The theme for this month’s issue of The Panoptique is ‘Red,’ and while this means many things to many people, for myself the colour is nothing less than the colour of my research. As a graduate student examining HIV/AIDS policies, the colour is inescapable. It forms a crucial piece of the brand of the movement to fight this disease, it is the colour of the pins, the banners and the ribbons that are so ubiquitous – and it was a colour prominently displayed at the International AIDS Conference held this year in Mexico City.

Lessons Learned: Treatment, Prevention and Academic Capitalism

While the conference’s official slogan was “Universal Access Now,” a call to ensure that all people currently living with HIV/AIDS get access to life-extending therapies, there were several underlying themes that emerged through the discussions and the research on display. One was that treatment and prevention of HIV cannot be seen as separate, but must be tackled together. There are a host of reasons for this, but the most important is the recognition that people with lower viral loads are less likely to infect others. Another prevalent theme was the importance of a human rights based approach to combating HIV/AIDS. For many participants, along with the belief that treatment and prevention are inextricably linked came the argument that a sustainable solution to the AIDS pandemic is not possible without the guarantee of human rights. What is striking about the rights-based approach is that most marginalized groups advocate for it.

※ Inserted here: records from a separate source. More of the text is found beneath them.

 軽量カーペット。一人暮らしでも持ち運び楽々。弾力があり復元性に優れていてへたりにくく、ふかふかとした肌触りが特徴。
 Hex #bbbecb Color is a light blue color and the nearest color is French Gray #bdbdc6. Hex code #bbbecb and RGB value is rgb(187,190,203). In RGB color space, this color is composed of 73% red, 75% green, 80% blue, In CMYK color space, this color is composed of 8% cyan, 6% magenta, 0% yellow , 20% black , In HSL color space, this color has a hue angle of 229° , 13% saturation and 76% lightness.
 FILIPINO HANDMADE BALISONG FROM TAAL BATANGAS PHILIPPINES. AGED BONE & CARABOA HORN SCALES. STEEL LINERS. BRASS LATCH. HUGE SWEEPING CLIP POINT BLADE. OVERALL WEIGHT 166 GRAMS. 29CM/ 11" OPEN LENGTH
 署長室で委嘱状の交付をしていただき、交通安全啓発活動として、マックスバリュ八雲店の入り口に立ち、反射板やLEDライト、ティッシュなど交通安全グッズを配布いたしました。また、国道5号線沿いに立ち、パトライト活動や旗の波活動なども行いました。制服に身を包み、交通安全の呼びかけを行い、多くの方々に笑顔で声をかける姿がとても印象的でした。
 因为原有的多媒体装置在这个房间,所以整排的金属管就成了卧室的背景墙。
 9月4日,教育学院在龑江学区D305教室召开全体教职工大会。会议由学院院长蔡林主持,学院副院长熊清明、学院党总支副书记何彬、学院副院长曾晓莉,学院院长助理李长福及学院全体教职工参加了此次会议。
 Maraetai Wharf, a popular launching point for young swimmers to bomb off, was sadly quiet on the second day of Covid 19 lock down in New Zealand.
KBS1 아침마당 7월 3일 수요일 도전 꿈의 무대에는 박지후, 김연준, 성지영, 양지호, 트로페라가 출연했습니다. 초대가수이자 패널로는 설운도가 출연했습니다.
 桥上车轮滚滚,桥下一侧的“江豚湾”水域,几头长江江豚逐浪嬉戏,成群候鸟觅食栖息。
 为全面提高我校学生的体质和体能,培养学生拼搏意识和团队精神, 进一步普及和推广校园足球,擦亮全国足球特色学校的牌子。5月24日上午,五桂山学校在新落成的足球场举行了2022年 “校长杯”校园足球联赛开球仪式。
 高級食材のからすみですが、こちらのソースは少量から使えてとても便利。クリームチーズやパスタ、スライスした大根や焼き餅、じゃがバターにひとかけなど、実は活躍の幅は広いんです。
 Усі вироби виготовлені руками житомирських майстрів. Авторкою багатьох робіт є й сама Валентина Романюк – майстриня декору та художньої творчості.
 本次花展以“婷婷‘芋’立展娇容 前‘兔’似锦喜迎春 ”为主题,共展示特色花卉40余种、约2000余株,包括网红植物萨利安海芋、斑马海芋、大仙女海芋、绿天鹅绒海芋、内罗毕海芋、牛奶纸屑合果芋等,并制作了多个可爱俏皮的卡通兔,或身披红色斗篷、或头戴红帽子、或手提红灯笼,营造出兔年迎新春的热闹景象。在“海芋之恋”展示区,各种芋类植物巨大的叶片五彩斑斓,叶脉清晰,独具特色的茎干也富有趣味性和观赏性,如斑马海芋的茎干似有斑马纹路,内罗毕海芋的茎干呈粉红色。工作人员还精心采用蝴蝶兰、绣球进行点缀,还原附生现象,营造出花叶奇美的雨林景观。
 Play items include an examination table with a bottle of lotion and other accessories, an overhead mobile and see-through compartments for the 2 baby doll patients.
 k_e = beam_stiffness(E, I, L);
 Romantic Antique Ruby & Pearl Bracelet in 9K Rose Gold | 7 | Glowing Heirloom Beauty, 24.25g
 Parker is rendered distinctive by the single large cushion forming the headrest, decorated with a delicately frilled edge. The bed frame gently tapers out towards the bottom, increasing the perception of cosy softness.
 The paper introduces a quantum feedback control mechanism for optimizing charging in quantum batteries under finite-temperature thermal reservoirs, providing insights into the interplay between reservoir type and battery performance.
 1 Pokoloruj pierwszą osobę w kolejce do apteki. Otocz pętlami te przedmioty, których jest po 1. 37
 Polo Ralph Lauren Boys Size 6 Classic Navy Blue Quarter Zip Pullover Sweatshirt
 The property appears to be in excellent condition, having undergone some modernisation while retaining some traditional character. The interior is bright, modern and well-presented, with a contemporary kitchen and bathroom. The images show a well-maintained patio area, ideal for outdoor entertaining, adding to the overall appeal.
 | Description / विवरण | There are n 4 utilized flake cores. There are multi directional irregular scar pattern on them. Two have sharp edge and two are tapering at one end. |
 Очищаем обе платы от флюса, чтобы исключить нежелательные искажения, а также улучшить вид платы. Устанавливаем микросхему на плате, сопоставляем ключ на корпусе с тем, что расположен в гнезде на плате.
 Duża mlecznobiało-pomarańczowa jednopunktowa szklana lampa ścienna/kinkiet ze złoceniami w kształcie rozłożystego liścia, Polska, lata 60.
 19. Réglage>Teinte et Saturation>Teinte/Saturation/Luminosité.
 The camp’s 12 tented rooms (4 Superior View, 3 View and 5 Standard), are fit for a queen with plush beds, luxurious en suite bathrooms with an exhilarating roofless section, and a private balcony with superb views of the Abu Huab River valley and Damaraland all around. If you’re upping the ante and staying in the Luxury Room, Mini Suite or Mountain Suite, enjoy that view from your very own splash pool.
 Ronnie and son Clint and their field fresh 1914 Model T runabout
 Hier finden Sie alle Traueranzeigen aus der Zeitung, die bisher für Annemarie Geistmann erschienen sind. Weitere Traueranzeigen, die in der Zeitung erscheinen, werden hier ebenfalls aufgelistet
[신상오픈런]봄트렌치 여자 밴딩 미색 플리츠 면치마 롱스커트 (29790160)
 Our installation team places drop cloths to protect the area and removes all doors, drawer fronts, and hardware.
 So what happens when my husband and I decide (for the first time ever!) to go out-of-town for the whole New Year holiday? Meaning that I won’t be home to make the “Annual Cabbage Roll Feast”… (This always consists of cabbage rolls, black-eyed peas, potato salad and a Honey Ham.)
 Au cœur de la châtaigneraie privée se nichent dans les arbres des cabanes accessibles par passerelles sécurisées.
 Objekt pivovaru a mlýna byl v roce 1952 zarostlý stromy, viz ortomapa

Indeed, rights-based solutions are touted as being the key to reducing vulnerability along gender lines, amongst Commercial Sex Workers (CSWs), Injection Drug Users (IDUs) and the disabled. If you fix the rights, you fix a large chunk of the problem, at least for high-risk groups.

These two undercurrents – the equation of treatment and prevention, and the need for rights-based approaches – arose out of the academic contributions to the conference. But an equally important lesson can be taken from the make-up of the conference itself. Participants were a hodgepodge of members of NGOs, scientists, academics and activists: and each group jockeyed for attention as they tried to shape the conference’s agenda towards their message (‘academic capitalism,’ as a friend of mine put it). I was shocked at the degree to which groups – groups which clearly have the same objective in mind – attempted to shape the general agenda to fit their own very specific goals.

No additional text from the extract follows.